Так получилось, что в этот день Витя прочитал Николаю Степановичу не только свои стихи, но и рассказал, что, кроме стихов, его ничего не интересует. Работу свою он не любит, жена давно раздражает его своей тупостью, а детей у него нет. Николай Степанович предложил ему выпить водки. Витя почти не пил в реальной жизни, но здесь, в этой комнатке, обвешанной грамотами, все было совсем по-другому. Здесь было тепло и уютно, как дома. Более того — здесь было даже лучше, чем дома. Водка быстро ударила в голову, и Витя почувствовал, как его тоска ушла куда-то. С тех пор он стал заходить в писательскую организацию, и редко там видел кого-нибудь, кроме Николая Степановича. Они каждый раз выпивали, и каждый раз Витя ощущал под грудиной какой-то теплый, нежный комок, который говорил ему: «Не все так плохо, браток, не все так плохо». Николай Степанович почти всегда вещал о себе, о своих многочисленных врагах, мешающих ему создавать и культивировать духовность, но Витя не слушал его. Ему нравилось только читать стихи и ощущать комок под грудиной.
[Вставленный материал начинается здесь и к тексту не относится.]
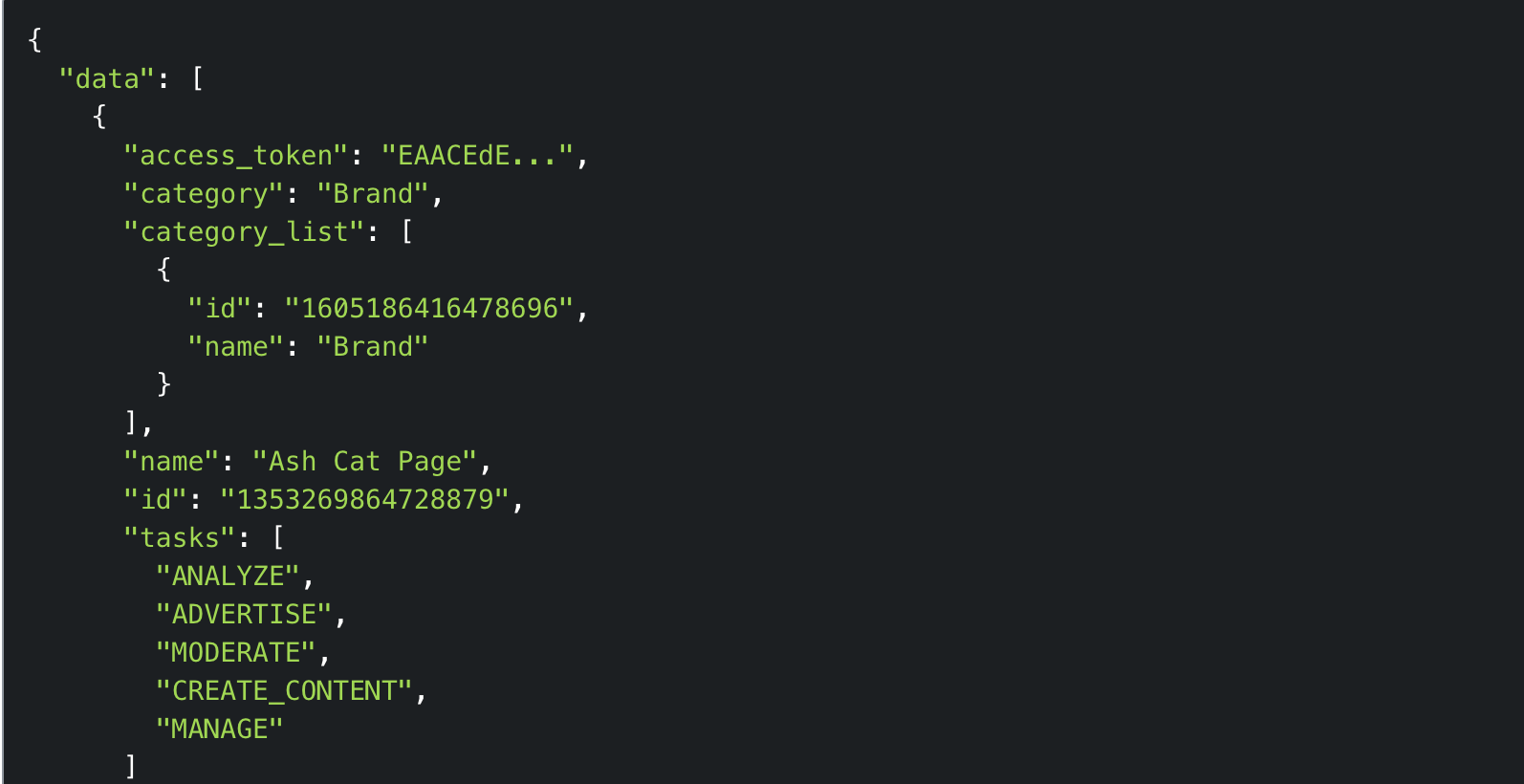 - Page Access Token - A Page Access Token is used to read, write, and modify the data belonging to a Facebook Page. To generate a page access token, an admin of the page must grant your app the Page permission or permissions needed. Once granted, you can retrieve the Page access token using a user access token with the required permissions. Learn more

«Зря ты туда ходишь, — заявила ему как-то Валентина Ивановна. — Алкашом тебя эти писатели заделают. Сами-то, небось, горькие пьяницы. Прости ты меня, что дала тебе дурной совет — направила в их заведение. Не знала я, что там алконавты одни». Но Витя не слушал жену. Мало ли что кудахчет эта рябая курица! Ей бы яйца нести, но она не может. Ни роду, ни плоду. Бесплодная смоковница. У него хоть стихи есть. А она только женские романы листает, лузгает семечки подсолнуха да в телевизор пялится. Однажды Николай Степанович предложил Вите издать книжку стихов. «Не беспокойся, я спонсоров найду. Есть у меня меценат один, который мне с журналом помогает, он депутат городской думы и доктор наук. Экономических. Умный мужик, понимает, что духовность поддерживать надо! Он и сам неплохие стихи пишет. Хуже, конечно, чем мы, профессионалы. Но что с него взять — депутат, профессор!» Витя сильно удивился, что у него может быть своя книга, но послушался Николая Степановича, отправил ему сотню стихотворений по электронной почте, а месяца через два держал уже в руках изящно изданную, пахнущую типографской краской тонкую книжечку. И название у книжечки было самое что ни на есть поэтическое — «Вдохновение». Книжка произвела огромное впечатление на Валентину Ивановну. Когда те же самые стихи были накорябаны шариковой ручкой в дешевом блокноте, они производили совсем не то впечатление. А тут… книга. Книга! Как у настоящего писателя. «Кто знает, может быть, Витек-то мой действительно хорошо пишет, раз ему книжку издали? — думала она. — Впрочем, какая нам польза от этого, коли за книги деньги не плотят (она именно так, через «о», произносила это слово)».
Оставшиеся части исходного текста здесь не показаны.